Lucene 6.6.1源码分析---添加文档

本文解析了Lucene中文档添加的流程,包括文档写入内存、触发flush机制及多线程支持。揭示了DocumentsWriterPerThread如何处理文档,涉及词项流分析与倒排索引构建。

摘要生成于 C知道 ,由 DeepSeek-R1 满血版支持, 前往体验 >

入口

Lucene 添加文档的功能由IndexWriter提供:
org.apache.lucene.index.IndexWriter#addDocument 添加单个文档
org.apache.lucene.index.IndexWriter#addDocuments 批量添加文档

本文以addDocument作为入口一窥文档添加流程

public long addDocument(Iterable<? extends IndexableField> doc) throws IOException {
    return updateDocument(null, doc);
  }
public long updateDocument(Term term, Iterable<? extends IndexableField> doc) throws IOException {
    ensureOpen();
    try {
      boolean success = false;
      try {
        long seqNo = docWriter.updateDocument(doc, analyzer, term);
        if (seqNo < 0) {
          seqNo = - seqNo;
          processEvents(true, false);
        }
        success = true;
        return seqNo;
      } finally {
        if (!success) {
          if (infoStream.isEnabled("IW")) {
            infoStream.message("IW", "hit exception updating document");
          }
        }
      }
    } catch (AbortingException | VirtualMachineError tragedy) {
      tragicEvent(tragedy, "updateDocument");

      // dead code but javac disagrees:
      return -1;
    }
  }
  1. 首先通过ensureOpen()方法确认索引是否开启,插入文档的前提是索引已经打开。
  2. 然后调用用DocumentsWriter#updateDocument方法插入文档,返回一个操作序列号。
  3. 插入文档的过程中会产生各种事件,插入文档之后用processEvents去处理这些事件。

那么updateDocument中做了什么操作呢?让我们进一步深入探索

long updateDocument(final Iterable<? extends IndexableField> doc, final Analyzer analyzer,
      final Term delTerm) throws IOException, AbortingException {

    boolean hasEvents = preUpdate();

    final ThreadState perThread = flushControl.obtainAndLock();

    final DocumentsWriterPerThread flushingDWPT;
    long seqNo;
    try {
      // This must happen after we've pulled the ThreadState because IW.close
      // waits for all ThreadStates to be released:
      ensureOpen();
      ensureInitialized(perThread);
      assert perThread.isInitialized();
      final DocumentsWriterPerThread dwpt = perThread.dwpt;
      final int dwptNumDocs = dwpt.getNumDocsInRAM();
      try {
        seqNo = dwpt.updateDocument(doc, analyzer, delTerm); 
      } catch (AbortingException ae) {
        flushControl.doOnAbort(perThread);
        dwpt.abort();
        throw ae;
      } finally {
        // We don't know whether the document actually
        // counted as being indexed, so we must subtract here to
        // accumulate our separate counter:
        numDocsInRAM.addAndGet(dwpt.getNumDocsInRAM() - dwptNumDocs);
      }
      final boolean isUpdate = delTerm != null;
      flushingDWPT = flushControl.doAfterDocument(perThread, isUpdate);

      assert seqNo > perThread.lastSeqNo: "seqNo=" + seqNo + " lastSeqNo=" + perThread.lastSeqNo;
      perThread.lastSeqNo = seqNo;

    } finally {
      perThreadPool.release(perThread);
    }

    if (postUpdate(flushingDWPT, hasEvents)) {
      seqNo = -seqNo;
    }
    
    return seqNo;
  }

这里首先调用了preUpdate方法,看方法名大概猜测是做一些插入前的准备工作。
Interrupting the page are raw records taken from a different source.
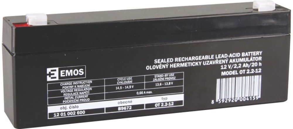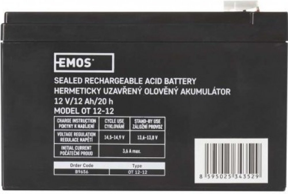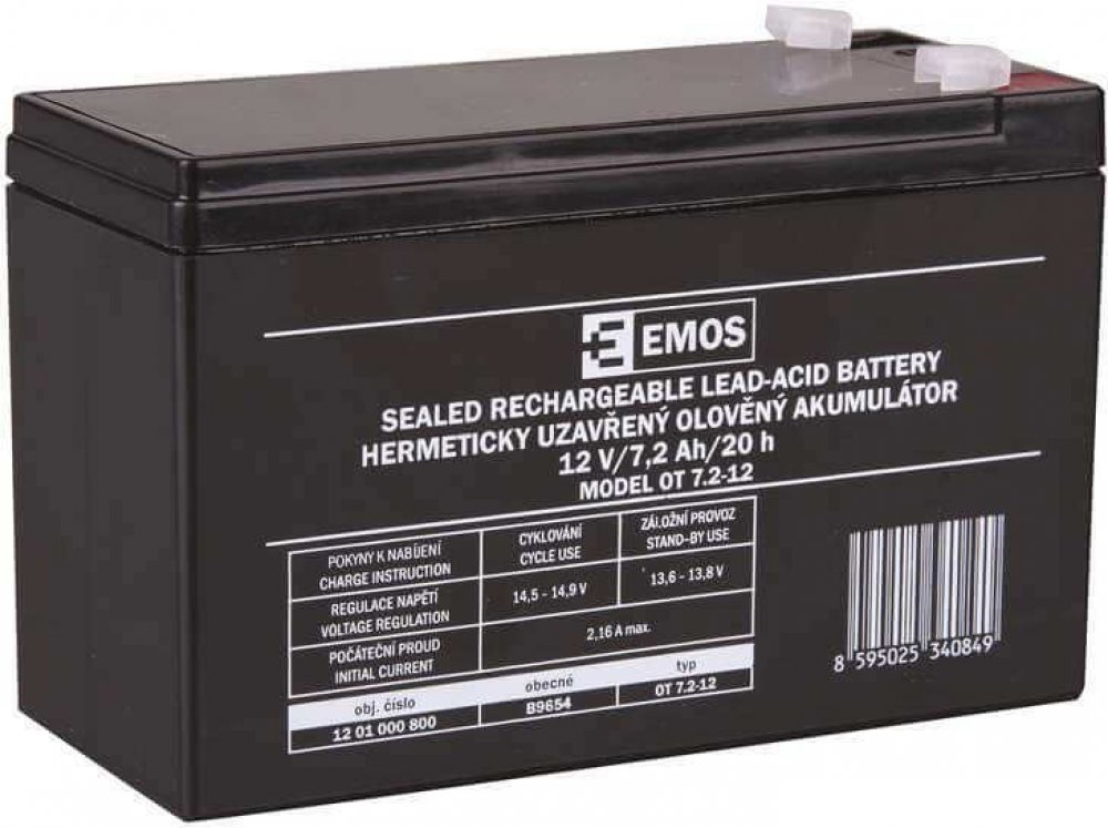 Akumulátor EMOS je vhodný jako náhradní baterie pro záložní zdroje UPS, RBC kity, elektronické systémy EZS, EPS, záložní systémy výtahů apod.
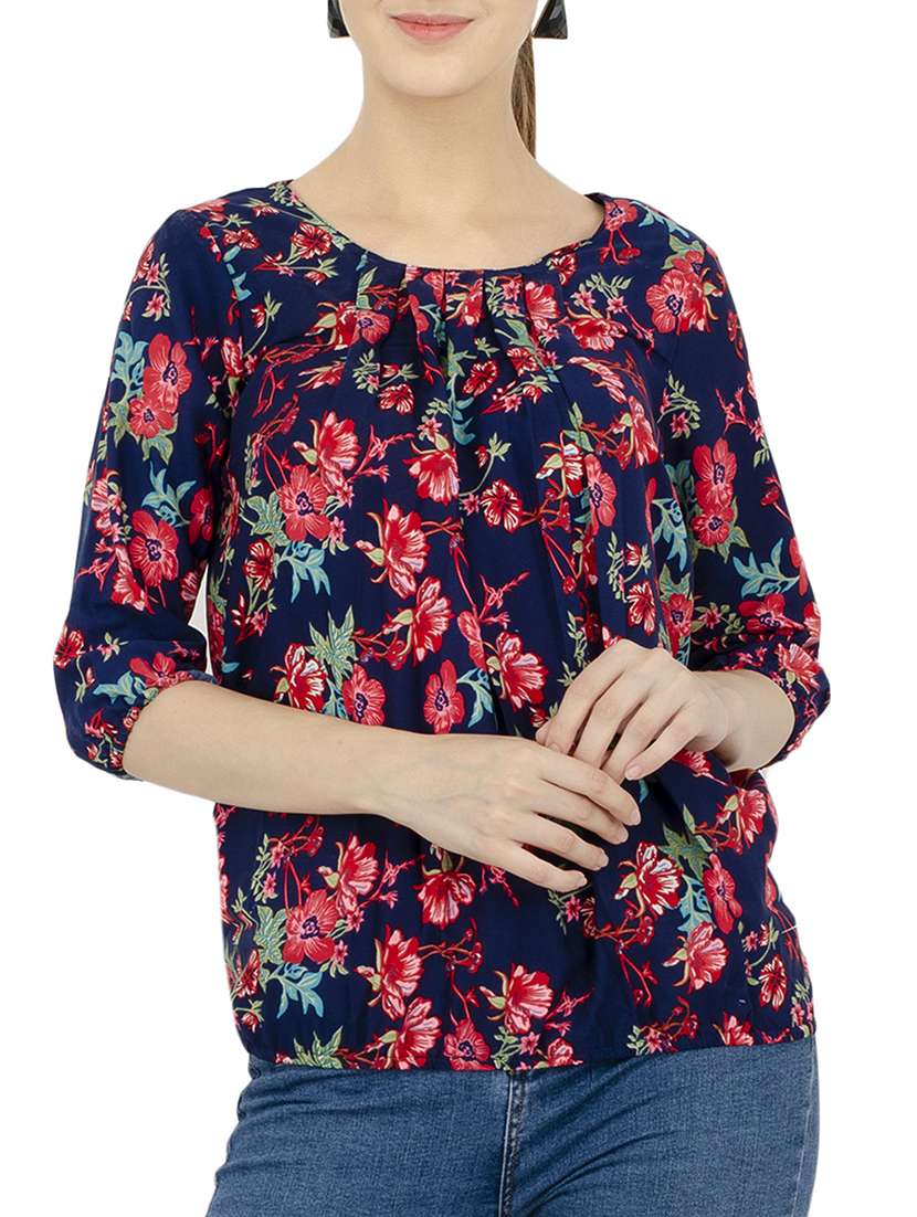 pleated floral blouson top - 15450067 - Very Small Image - 1
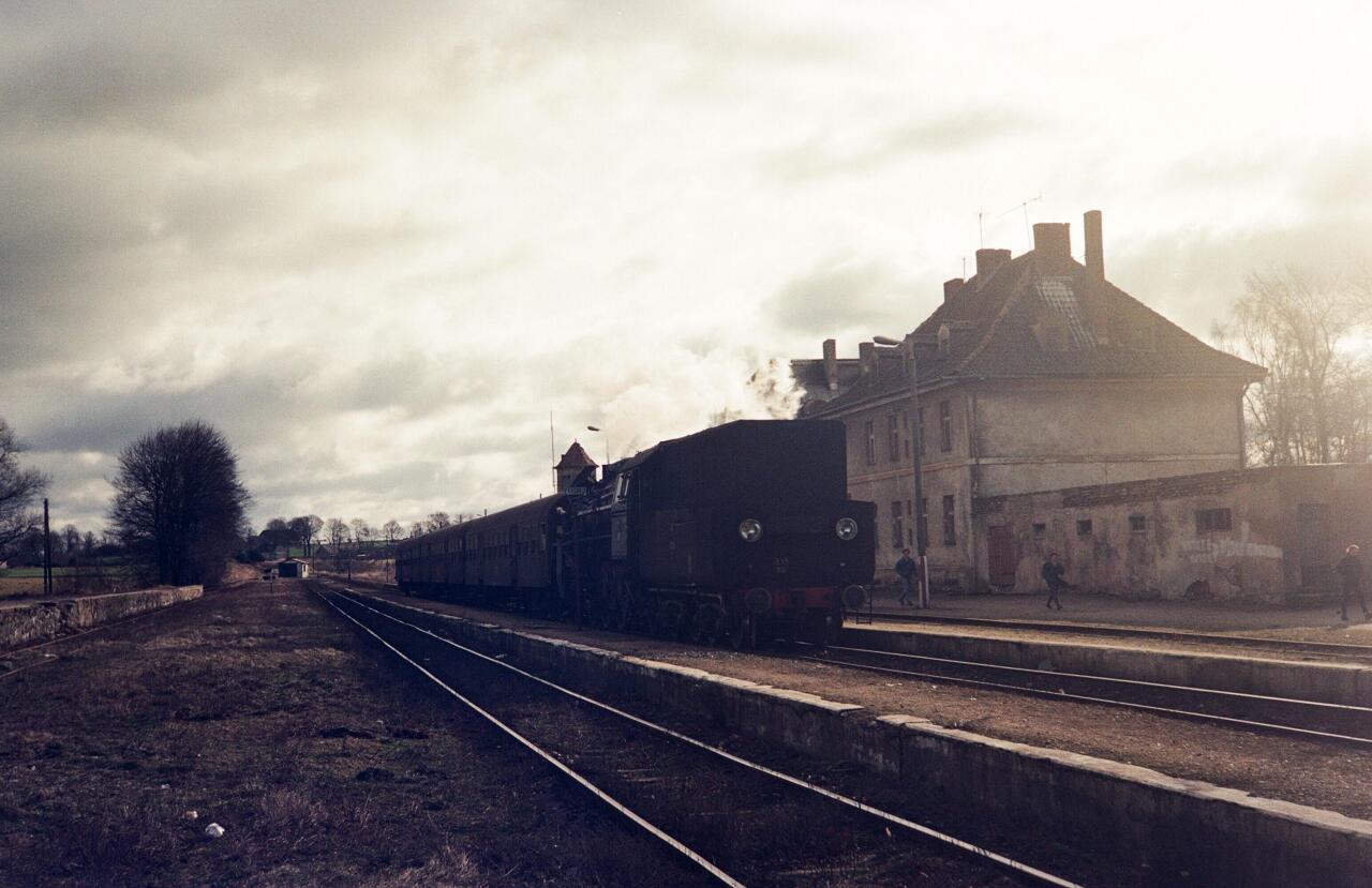 Stacja Biała koło Piszu - magazyn towarowy, budynek stacyjny, z prawej rampa ładownicza boczna, pociąg M 9633 relacji Ruciane Nida - Ełk, prowadzony parowozem Ol48-80 (MD Ełk). Widok w kierunku stacji Szczytno (Olsztyn Główny).
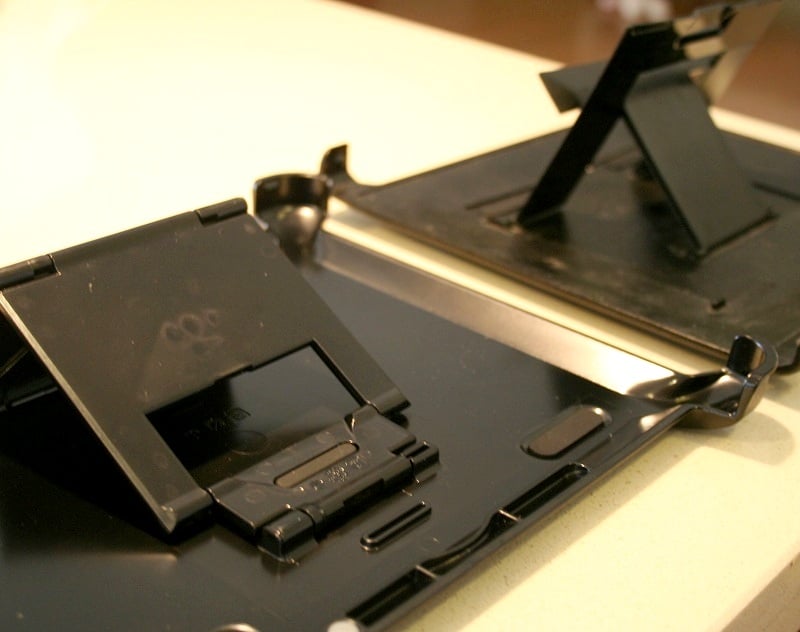 The last piece of the case is the front cover/stand. Where the original iPad case snapped on around the sides, this one does so from the corners. The cover (and case overall) has a glossier look than the original OtterBox offering though that may be just from age. The case has an integrated stand which can hold the iPad in either landscape or portrait orientation (the original could only do landscape).
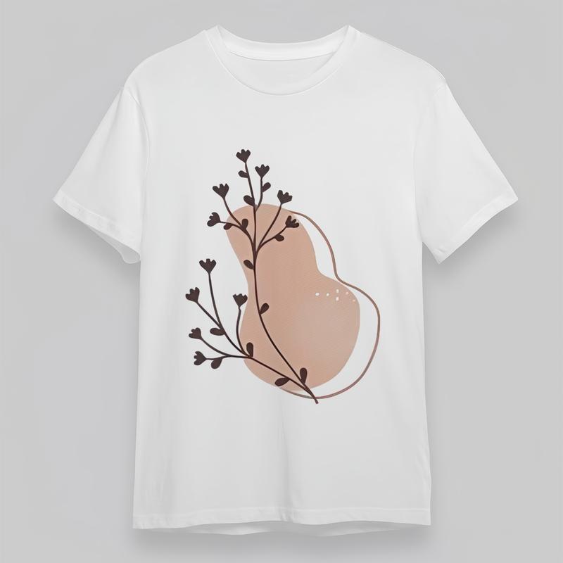 Женская дышащая классическая футболка большого размера с цветочной ветвью и геометрическим принтом
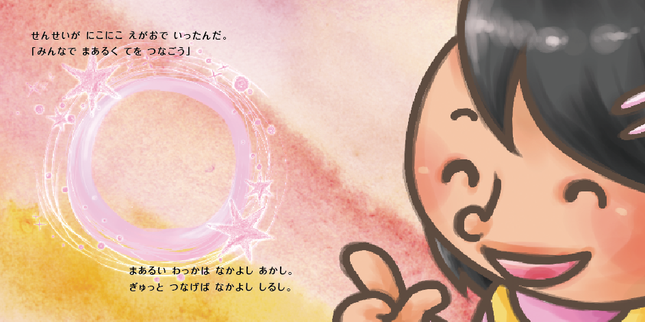 「みんなで まあるく てを つなごう」
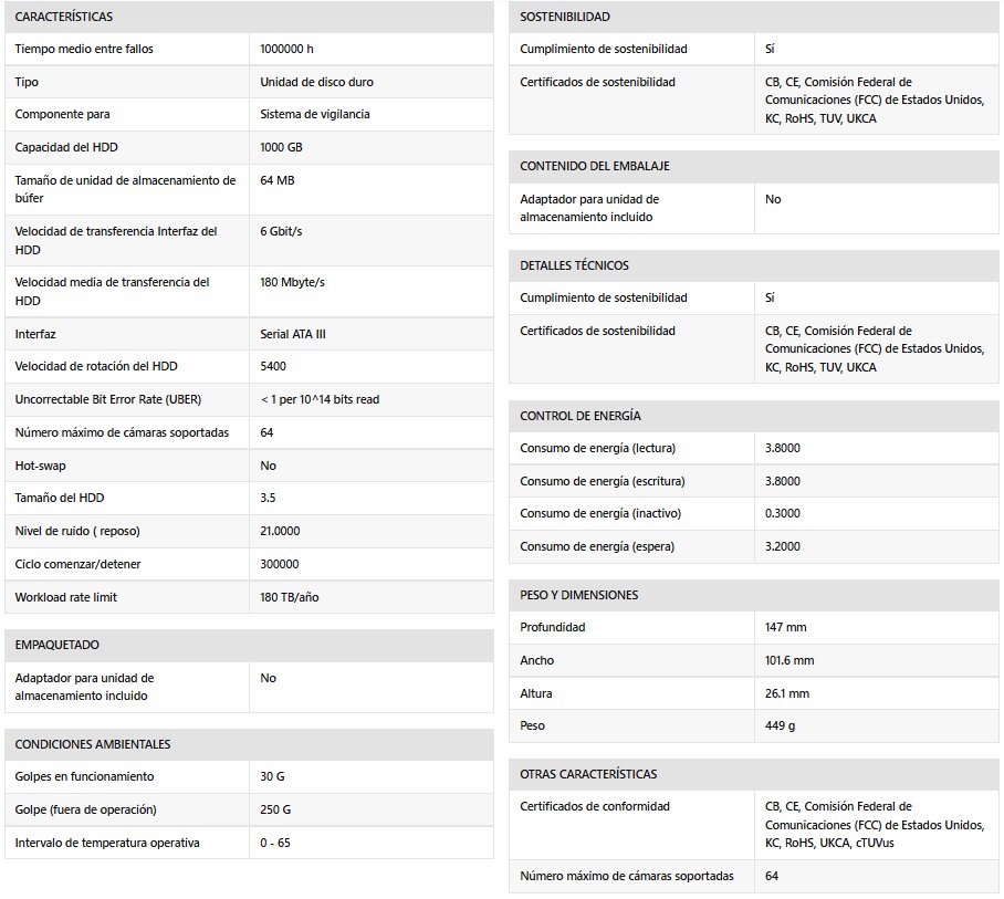 Disco Duro Western Digital Purple para vigilancia 1 TB 3,5″ 5400 RPM SATA III Precio del Fabricante: 120 Euros |
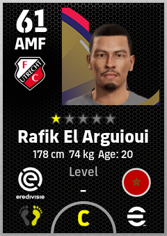 . Rafik El Arguioui is a Attacking Midfielder footballer from Morocco who plays for Fc Utrecht in eFootball 2026.

进去看看具体做了什么事情

private boolean preUpdate() throws IOException, AbortingException {
    ensureOpen();
    boolean hasEvents = false;
    if (flushControl.anyStalledThreads() || flushControl.numQueuedFlushes() > 0) {
      // Help out flushing any queued DWPTs so we can un-stall:
      do {
        // Try pick up pending threads here if possible
        DocumentsWriterPerThread flushingDWPT;
        while ((flushingDWPT = flushControl.nextPendingFlush()) != null) {
          // Don't push the delete here since the update could fail!
          hasEvents |= doFlush(flushingDWPT);
        }
        
        flushControl.waitIfStalled(); // block if stalled
      } while (flushControl.numQueuedFlushes() != 0); // still queued DWPTs try help flushing
    }
    return hasEvents;
  }

1、 再次确认索引是开启的
2、 如果有需要刷新的数据,就执行刷新doFlush

flush简介

此处有必要简单说明一下Lucene的flush。前一篇lucene索引的创建分析中已经说明,一个Lucene索引同时只能有一个IndexWriter实例操作。不过为了提高写入的性能,支持多线程并非写入那是必须的。所以IndexWriter 中维护了一个线程池perThreadPool,启动包含多个写入线程perThread。而perThread的写入也不是直接就把数据写入到磁盘中,否则频繁的IO操作也是必然降低性能。perThread会先将数据存放在内存当中,当内存中的数据量达到了一定的阈值,就开始flush,把内存中的数据刷新到磁盘中。刷新数据这种事情就是由flushControl全权负责的啦!上面的代码中flushControl.anyStalledThreads() || flushControl.numQueuedFlushes() > 0 这个条件是就是表示当内存中的数据量达到阈值,或者flushQueue队列中有待刷新的线程时,就执行flush操作。这里只是大概描述一下Lucene的刷新机制,具体会有专门的篇幅介绍。
综上所述preUpdate方法就是把需要刷新的数据做一次刷新。

preUpdate之后,需要从perThreadPool中获取一个线程来写文档:

final ThreadState perThread = flushControl.obtainAndLock();

ThreadState obtainAndLock() {
    final ThreadState perThread = perThreadPool.getAndLock(Thread
        .currentThread(), documentsWriter);
    boolean success = false;
    try {
      if (perThread.isInitialized() && perThread.dwpt.deleteQueue != documentsWriter.deleteQueue) {
        // There is a flush-all in process and this DWPT is
        // now stale -- enroll it for flush and try for
        // another DWPT:
        addFlushableState(perThread);
      }
      success = true;
      // simply return the ThreadState even in a flush all case sine we already hold the lock
      return perThread;
    } finally {
      if (!success) { // make sure we unlock if this fails
        perThreadPool.release(perThread);
      }
    }
  }

从上面代码可以看到perThreadPool中获取的perThread并非原本以为的DocumentsWriterPerThread类,而是ThreadState。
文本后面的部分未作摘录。